Colombia was the last country in the world to use chemical spraying to combat illegal drug cultivation. Citing health hazards and damage to impoverished rural economies, both Bolivia and Peru, which also grow coca, have banned aerial spraying. Afghanistan, the world’s chief supplier of opium, overrode American protests to ban spraying in 2007. The Karzai government argued that the program drove poor Afghan farmers into the hands of the Taliban by destroying their livelihoods without offering realistic economic alternatives. Similar arguments have long been made in Colombia, where millions of farmers have been driven from their land to live in urban slums.

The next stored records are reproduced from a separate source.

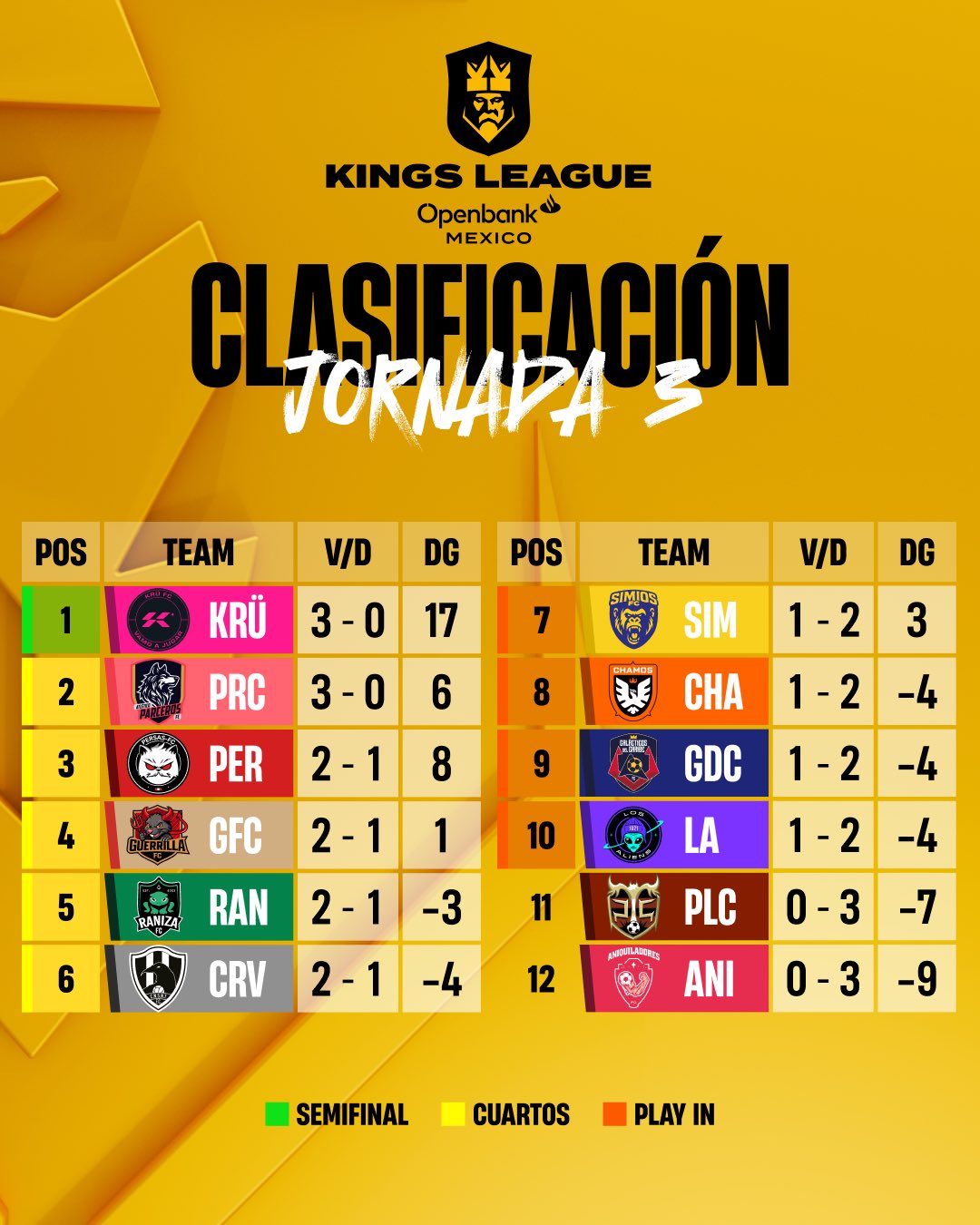 La jornada 3 de la Kings League México deja buenas sensaciones para algunos y empieza a confirmar un mal momento para otros.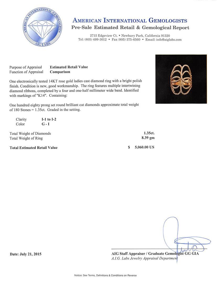 One electronically tested 14KT rose gold ladies cast diamond ring with a bright polish finish. The ring features multiple intertwining diamond ribbons, completed by a four and one-half millimeter wide band. Identified with markings of "K14". Condition is new, good workmanship. Containing: One Hundred Eighty prong set round brilliant cut diamonds approximate total weight of 180 Stones = 1.35ct. Graded in the setting. Clarity I-1 to I-2 Color G - I. Total Weight of Diamonds 1.35ct. Total Weight of Ring 8.39 grams. AIG Appraised at $5,060.00.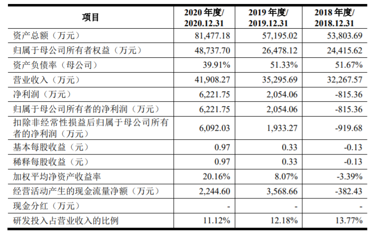 財務(wù)數(shù)據(jù)顯示,公司2018年、2019年、2020年營收分別為3.23億元、3.53億元、4.19億元;同期對應(yīng)的凈利潤分別為-815.36萬元、2,054.06萬元、6,221.75萬元。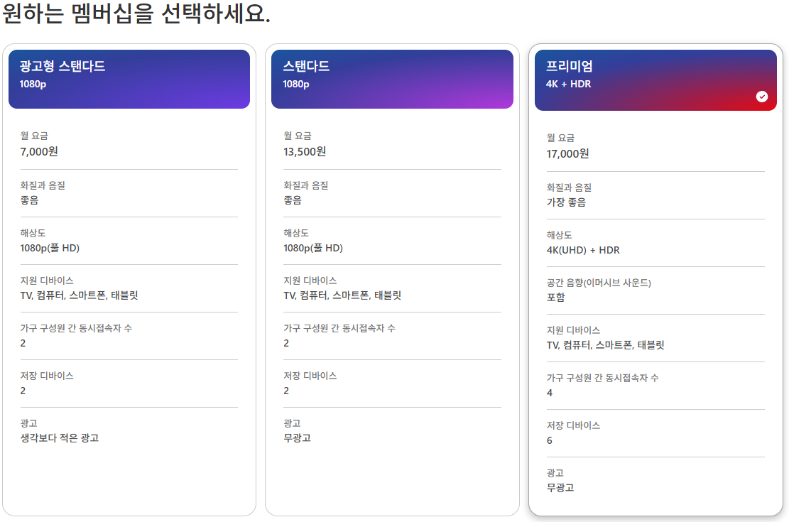 - 프리미엄 요금제: 광고 없음, 최고 화질인 4K(UHD) 지원, 동시 접속 기기 수도 4대까지 가능한 고급형 요금제입니다. 월 요금은 약 17,000원 선 입니다.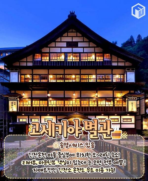 긴잔온천의 중심부에 위치한 오래된 숙소 고세키야 별관입니다. 객실은 강 전망과 산 전망으로 구분되는데요. 눈이 많이 내린 겨울철에는 두 전망 모두 아름다운 풍경을 마주할 수 있습니다. 료칸 내 실내 욕탕은 2곳이 마련되어 있으며 자매료칸인 '긴잔소'의 온천 시설도 무료로 이용할 수 있습니다.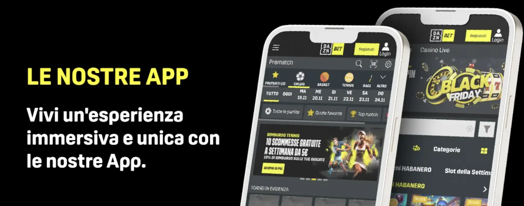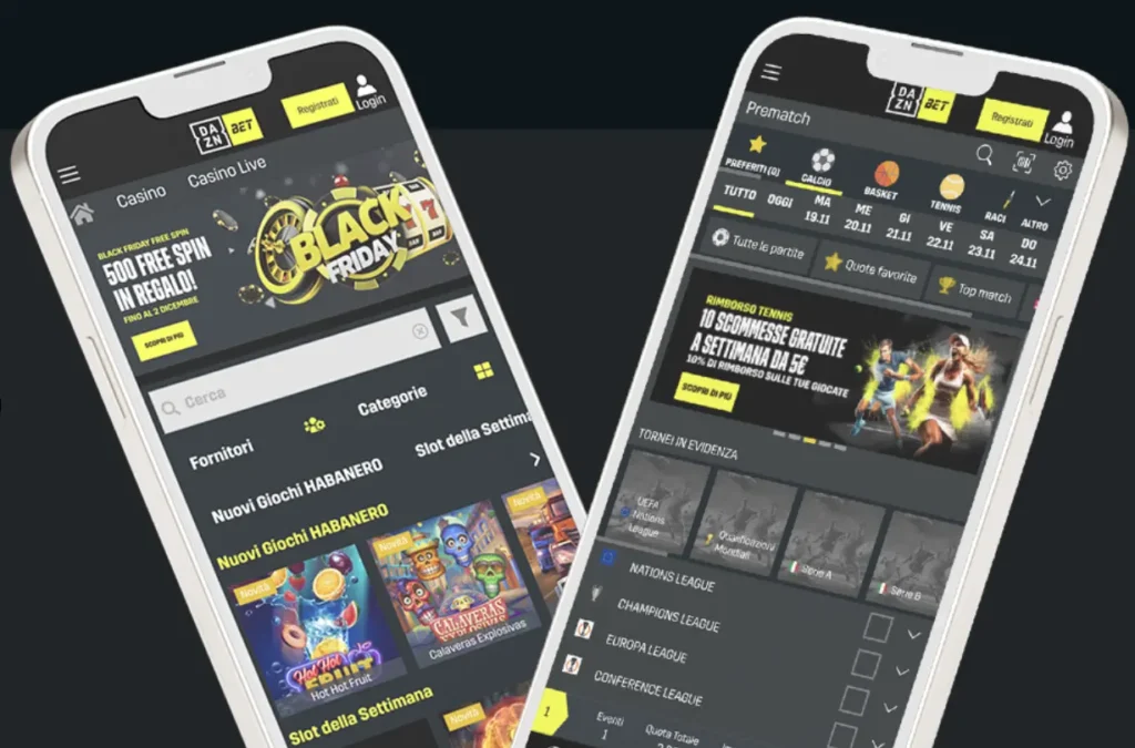 La nostra app DAZNBet opera in Italia tramite licenza ADM valida nel 2026 e riunisce scommesse sportive, casinò online, risultati in diretta e quote live aggiornate in pochi secondi. Gli iscritti al sito trovano al suo interno una miriade di sport oltre a centinaia di slot digitali e tavoli dal vivo.

The U.S. State and Defense Departments, which jointly oversee Plan Colombia, have always lobbied heavily in favor of spraying, which is outsourced to the giant U.S. security contractor DynCorp. DynCorp has earned hundreds of millions from its Colombian contracts, just as it previously did in Afghanistan, where it also won the government contract to implement counter-narcotics strategy. Notably, after President Santos announced the halt to spraying, that U.S. Ambassador to Colombia, Kevin Whitaker, published an Op-Ed in the leading Colombian newspaper, El Tiempo, arguing in favor of continuing the spraying campaign while saying that the U.S would continue working closely with Colombia in spite of the recent decision. Whitaker ended his Op-Ed with the English phrase “We have your back.”
So who is to be believed about the war on drugs, and what is the right way forward? After almost twenty years, many deaths, and billions of dollars spent under Plan Colombia, has illicit coca production decreased in Colombia? Overall, yes, according to the plan’s proponents: in his piece, Whitaker asserted that the area under cultivation for illegal coca production was reduced by half between 2007 and 2013. But studies also show that that area increased by thirty-nine per cent last year—so the most recent trends aren’t good. And if one third of the initial cultivation area is still left, that means that a significant amount of cocaine is still coming out of Colombia, and will be for the foreseeable future. . .
Maybe we’re going about drugs all wrong?